He said the accusations are not backed by hard evidence, although he could see the reason for attempting such a move. Kan said the Falun Gong has not formalized plans for a protest during the WTO conference but the group will most likely make its presence known.
"We are seriously considering taking the opportunity to let more people know about the truth of the persecution that's going on in the mainland," he said.
Founded in 1992 by Li Hongzhi, a former trumpet player from northeast China, Falun Gong claims more than 100 million followers worldwide.
It maintains that it is a spiritual sect blending Buddhism, Taoism and breathing exercises that aims to cultivate the mind and heart "through the careful study of universal principles based on truthfulness, benevolence and forbearance," according to the official Web site.
The group was banned after followers staged a massive silent demonstration outside the main leadership compound in Beijing in 1999.
Since then, there has been an ongoing war of words between Beijing and the group, with the Falun Gong occasionally seizing a few minutes of pirated air time on television in the mainland to state its case and members being routinely rounded up in police raids.
According to the Falun Dafa Information Center, there have been more than 2,300 confirmed deaths since the persecution of the Falun Gong in China began in 1999.
Hundreds of thousands of alleged practitioners have been detained, and more than 100,000 have been sent to forced labor camps, often without trial, the group claims.
Kan said the group's main goal now is to enlist the people's support in its struggle for justice. "We are absolutely not political," he said. "We only want the persecution to stop."
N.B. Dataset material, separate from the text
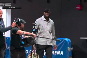 根据NBA官推放出的画面,詹姆斯在当地时间时间下午2点15分就抵达了球馆开始备战,而比赛在当地时间晚7点半才开始。

"Taiwanese Falungong members in Hong Kong to appeal entry denial"

(AFP, September 20, 2005)

Hong Kong, China - Four Taiwanese members of Falungong, a spiritual group outlawed in China, appeared in a Hong Kong court to begin an appeal against their deportation from the Chinese territory.
The four were among 80 Taiwanese members of Falungong who came to Hong Kong for a conference of the sect in February 2003 but were detained at the border and refused entry although they were holding valid visas.
The group claimed that immigration officials in Hong Kong had "roughly mistreated" their members.
The four Falungong members have declared their entry denial and the "violence" used by the authorities in handling the Falungong members as "unlawful".
"We want to use legal channels to seek justice from the Hong Kong government for the sake of our human rights," the group said in a statement.
The four were given special permission by the Hong Kong government to enter the territory for the legal challenge. About 30 members staged a sit-down protest outside the High Court during Tuesday's hearing.
China outlawed the group as an "evil cult" in 1999 and has since detained or imprisoned tens of thousands of members. The group says its members are tortured for refusing to give up their beliefs.
Members of the quasi-religious Falungong group regularly gather outside Chinese embassies and consulates overseas to protest against Beijing's crackdown on the group.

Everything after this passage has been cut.